Here, the Supreme Court's conclusion that Zere was the procuring cause of the 2005 construction contract is supported by Parr's admission, in the May 29, 1998, letter, that Zere would be recognized “as the broker who brought about this agreement ” (emphasis added), thereby admitting that Zere had “generated a chain of circumstances that proximately led to the [subject transaction]” ( Dagar Group v. Hannaford Bros. Co., 295 A.D.2d at 555, 745 N.Y.S.2d 34;see Hentze–Dor Real Estate, Inc. v. D'Allessio, 40 A.D.3d at 816, 836 N.Y.S.2d 265;Country Harbor Realty, Inc. v. Sullivan, 23 A.D.3d at 606, 804 N.Y.S.2d 790;Friedland Realty v.
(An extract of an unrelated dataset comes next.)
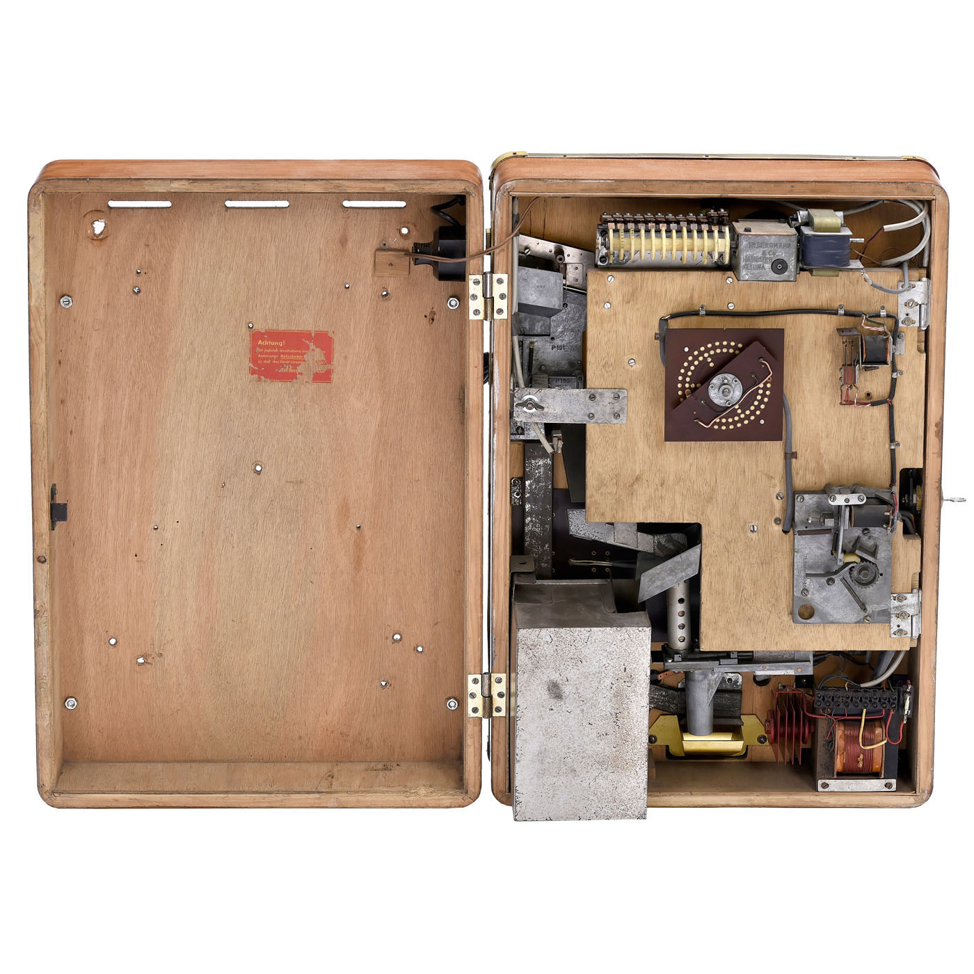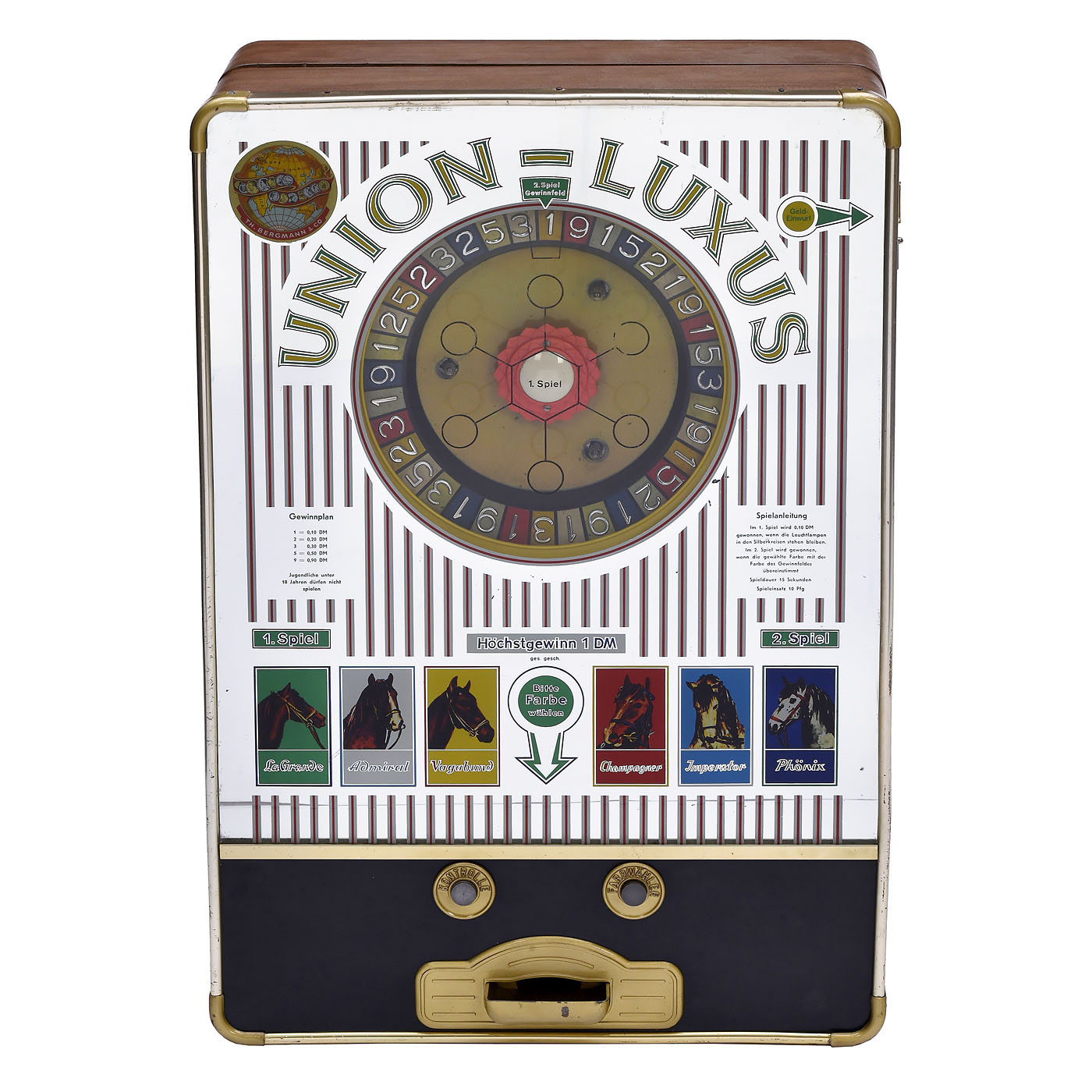 Bergmann, Hamburg. Electromechanical slot machine, 10-pfennig stake, maximum win 1 deutschmark, one turning roulette disc, good and complete condition, works, with key.

Piazza, 273 A.D.2d at 351, 710 N.Y.S.2d 97;Buck v. Cimino, 243 A.D.2d at 684, 663 N.Y.S.2d 635).
As to the Supreme Court's determination that Zere was only entitled to a commission of 1.5% of the contract amount, “[w]here the trial court is called upon to assess the credibility and weight to be accorded to divergent expert opinions, its factual determinations should not be lightly cast aside” ( JP Morgan Chase Bank v. Whitmore, 41 A.D.3d 433, 434, 838 N.Y.S.2d 142;see Hoffinger Indus., Inc. v. Alabama Ave. Realty, Inc., 68 A.D.3d 818, 820, 891 N.Y.S.2d 430;Matter of Winston, 39 A.D.3d 765, 767, 833 N.Y.S.2d 657). Rather, the “Supreme Court's firsthand assessment of the expert testimony ... is entitled to deference” ( Stratton v. Keefe, 191 A.D.2d 871, 873, 594 N.Y.S.2d 842). Here, the court was faced with divergent expert opinions as to whether the commission for brokering a large transaction such as the one here, with a construction cost of approximately $20 million, would be the usual 6% of the contract amount, or only 1 to 2%. There is no basis in the record for disturbing the court's determination to credit the defendants' expert over the plaintiff's experts.
The defendants' remaining contentions either are without merit, are improperly raised for the first time on appeal, or have been rendered academic in light of our determination.